* [AIM OF THE TASK] Print the listing below exactly, images excluded.

* [EXERCISE DATA]
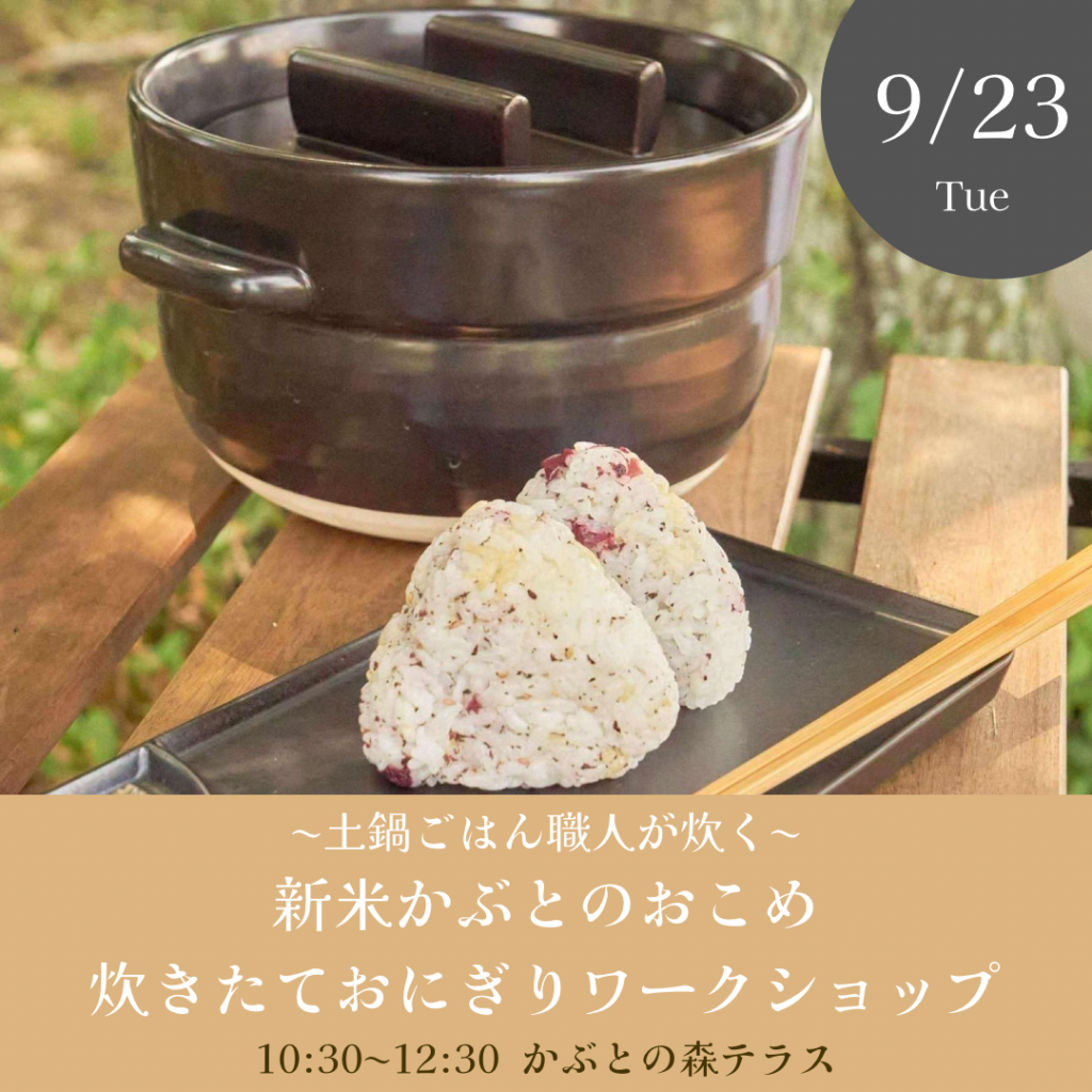 今回はかぶとの森テラスで、新米かぶとのおこめを使った土鍋の炊きたてごはんのおにぎりの振る舞いとおにぎりワークショップを開催していただきます。
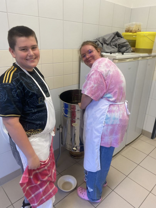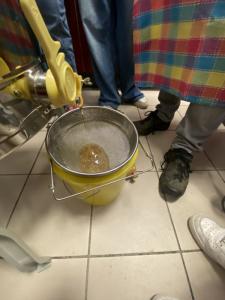 Am Ende konnten wir etwa 11 Kilogramm Honig ernten – ein tolles Ergebnis für das erste Jahr! Natürlich musste am nächsten Tag auch die Schleuder gründlich gereinigt werden. Nun wird der Honig noch cremig gerührt, bevor wir ihn abfüllen.
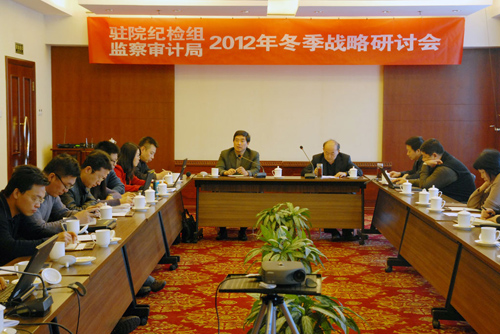 为深入学习贯彻党的十八大精神,进一步加强中科院反腐倡廉建设,11月29至30日,驻院纪检组、监察审计局召开了2012年冬季战略研讨会。中央纪委驻院纪检组组长、院党组成员李志刚出席会议并作重要讲话,驻院纪检组副组长、监察审计局局长李定等组局全体同志参加了会议。
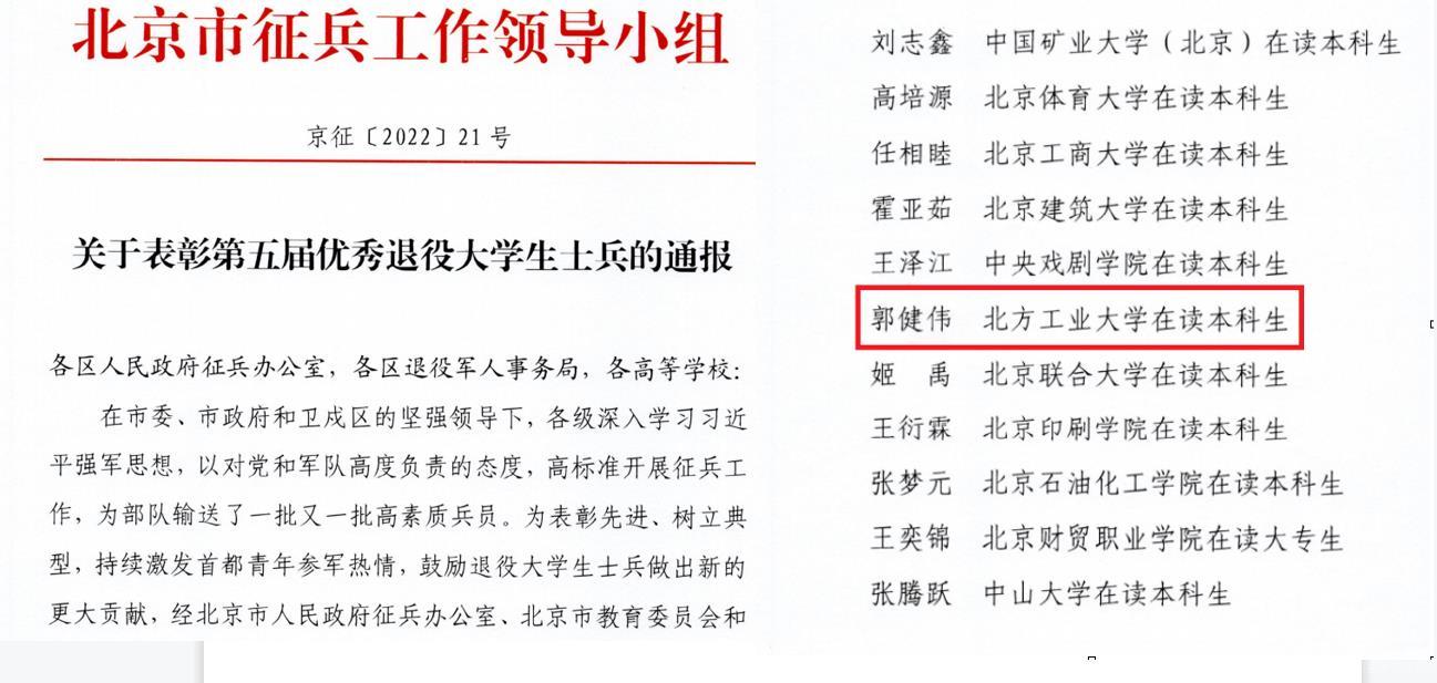 日前,由北京市征兵工作领导小组组织开展的第五届优秀退役大学生士兵评选活动落下帷幕。经过广泛发动、逐级推荐、资格审核、政治考核、现场答辩等环节,全市评选出30名优秀退役大学生士兵,Beat3652019级文法学院郭健伟同学名列其中

* [ANSWER TO THIS TASK]
 今回はかぶとの森テラスで、新米かぶとのおこめを使った土鍋の炊きたてごはんのおにぎりの振る舞いとおにぎりワークショップを開催していただきます。
 Am Ende konnten wir etwa 11 Kilogramm Honig ernten – ein tolles Ergebnis für das erste Jahr! Natürlich musste am nächsten Tag auch die Schleuder gründlich gereinigt werden. Nun wird der Honig noch cremig gerührt, bevor wir ihn abfüllen.
 为深入学习贯彻党的十八大精神,进一步加强中科院反腐倡廉建设,11月29至30日,驻院纪检组、监察审计局召开了2012年冬季战略研讨会。中央纪委驻院纪检组组长、院党组成员李志刚出席会议并作重要讲话,驻院纪检组副组长、监察审计局局长李定等组局全体同志参加了会议。
 日前,由北京市征兵工作领导小组组织开展的第五届优秀退役大学生士兵评选活动落下帷幕。经过广泛发动、逐级推荐、资格审核、政治考核、现场答辩等环节,全市评选出30名优秀退役大学生士兵,Beat3652019级文法学院郭健伟同学名列其中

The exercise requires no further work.